WORK REQUIRED. The data below contains pictures, which are to be skipped; the lines starting at the line with "Elegante blusa de" and ending at the line with "Our decorative set" are to be output exactly, both ends included.

RECORDS FOR THIS TASK.
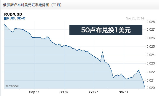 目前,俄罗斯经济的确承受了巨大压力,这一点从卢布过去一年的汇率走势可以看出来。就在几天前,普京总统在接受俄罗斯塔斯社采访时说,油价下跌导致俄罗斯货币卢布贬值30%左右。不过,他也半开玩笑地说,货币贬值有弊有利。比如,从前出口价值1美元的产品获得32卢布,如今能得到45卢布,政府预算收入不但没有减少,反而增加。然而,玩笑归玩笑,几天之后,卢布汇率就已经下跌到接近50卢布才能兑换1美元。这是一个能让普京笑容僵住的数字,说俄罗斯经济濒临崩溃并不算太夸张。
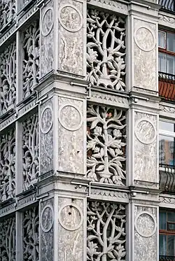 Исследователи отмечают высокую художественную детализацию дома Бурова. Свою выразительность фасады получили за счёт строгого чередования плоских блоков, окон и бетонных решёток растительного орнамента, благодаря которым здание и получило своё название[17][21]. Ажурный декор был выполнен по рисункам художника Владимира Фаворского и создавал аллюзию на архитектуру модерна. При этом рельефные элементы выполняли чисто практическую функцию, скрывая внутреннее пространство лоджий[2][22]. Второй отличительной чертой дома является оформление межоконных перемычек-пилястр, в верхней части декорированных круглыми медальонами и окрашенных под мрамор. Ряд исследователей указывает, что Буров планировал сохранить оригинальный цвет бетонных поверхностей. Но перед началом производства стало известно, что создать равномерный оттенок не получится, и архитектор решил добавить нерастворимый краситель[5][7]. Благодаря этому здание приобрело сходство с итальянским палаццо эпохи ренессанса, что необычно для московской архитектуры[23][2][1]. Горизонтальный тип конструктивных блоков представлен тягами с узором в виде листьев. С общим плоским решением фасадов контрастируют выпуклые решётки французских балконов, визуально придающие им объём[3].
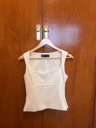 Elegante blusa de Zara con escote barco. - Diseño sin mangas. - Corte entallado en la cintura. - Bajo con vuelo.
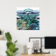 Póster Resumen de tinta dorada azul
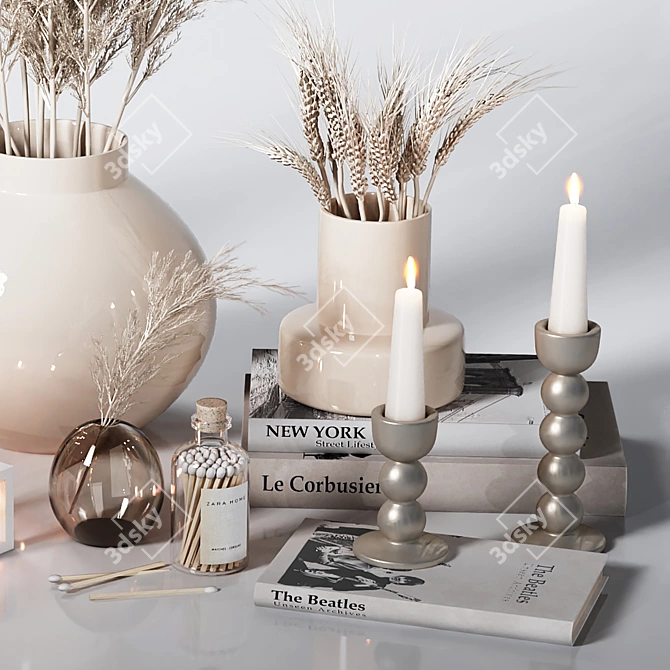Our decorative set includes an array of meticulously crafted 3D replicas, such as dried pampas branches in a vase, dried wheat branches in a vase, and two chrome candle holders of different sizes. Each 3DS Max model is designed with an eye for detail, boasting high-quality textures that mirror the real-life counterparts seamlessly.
* * *
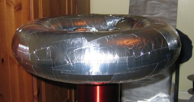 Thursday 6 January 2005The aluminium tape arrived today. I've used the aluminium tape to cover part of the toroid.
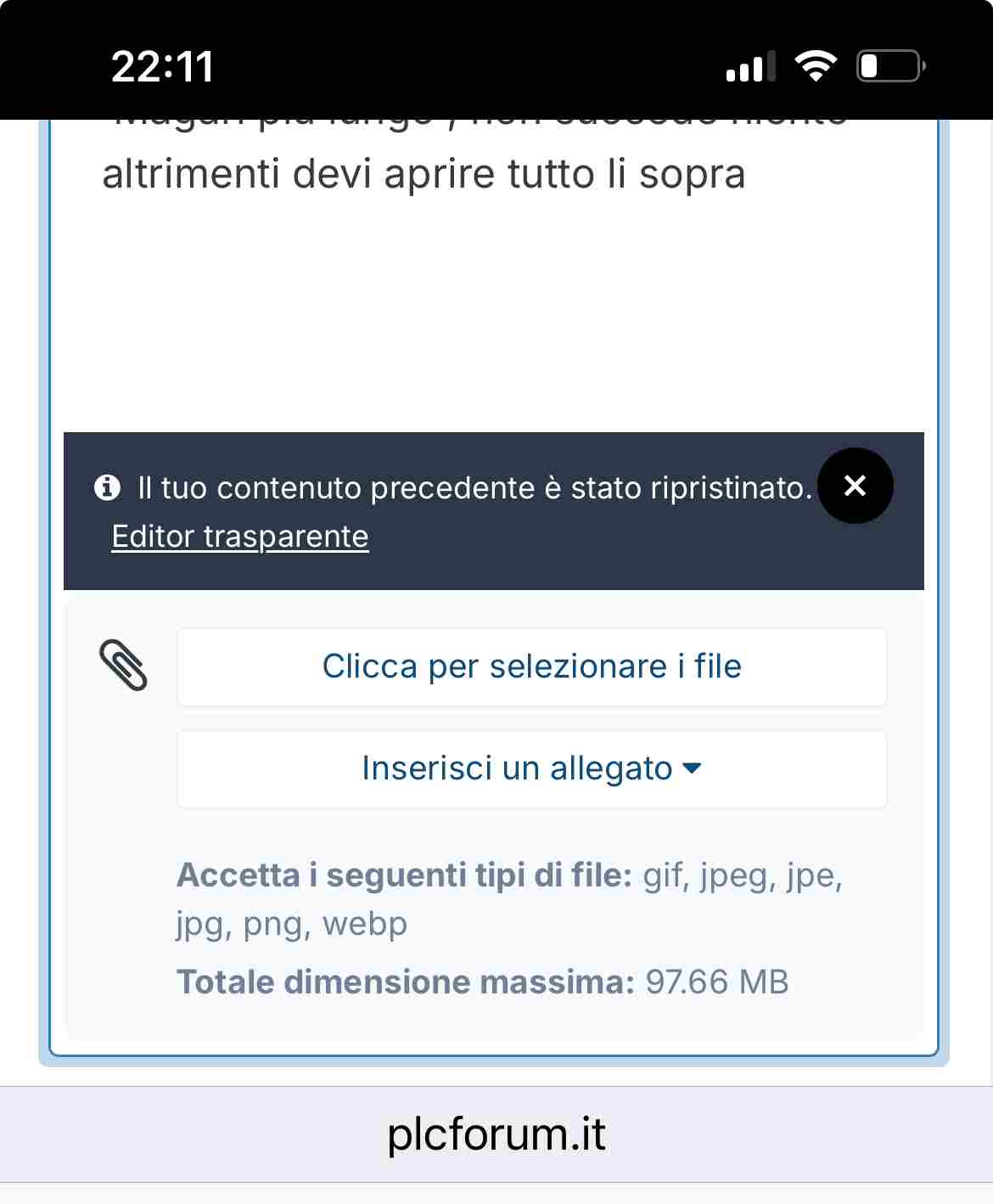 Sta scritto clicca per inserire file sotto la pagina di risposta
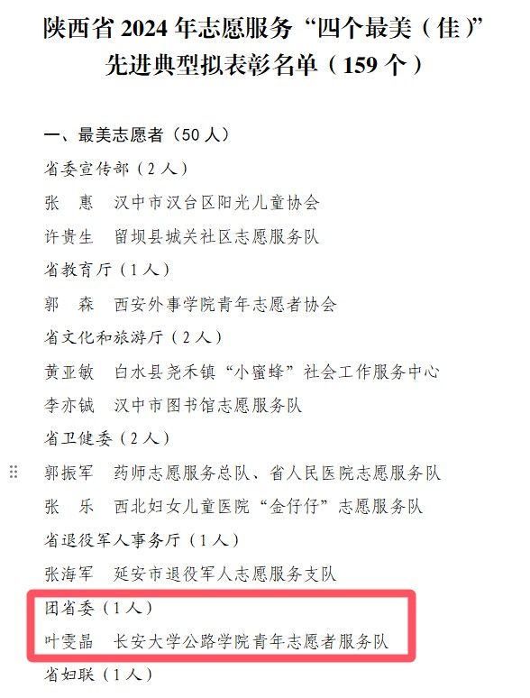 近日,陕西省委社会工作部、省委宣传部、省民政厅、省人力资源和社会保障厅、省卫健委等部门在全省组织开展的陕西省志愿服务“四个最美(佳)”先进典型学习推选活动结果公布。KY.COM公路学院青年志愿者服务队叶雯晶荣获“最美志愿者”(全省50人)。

RESULT.
 Elegante blusa de Zara con escote barco. - Diseño sin mangas. - Corte entallado en la cintura. - Bajo con vuelo.
 Póster Resumen de tinta dorada azul
Our decorative set includes an array of meticulously crafted 3D replicas, such as dried pampas branches in a vase, dried wheat branches in a vase, and two chrome candle holders of different sizes. Each 3DS Max model is designed with an eye for detail, boasting high-quality textures that mirror the real-life counterparts seamlessly.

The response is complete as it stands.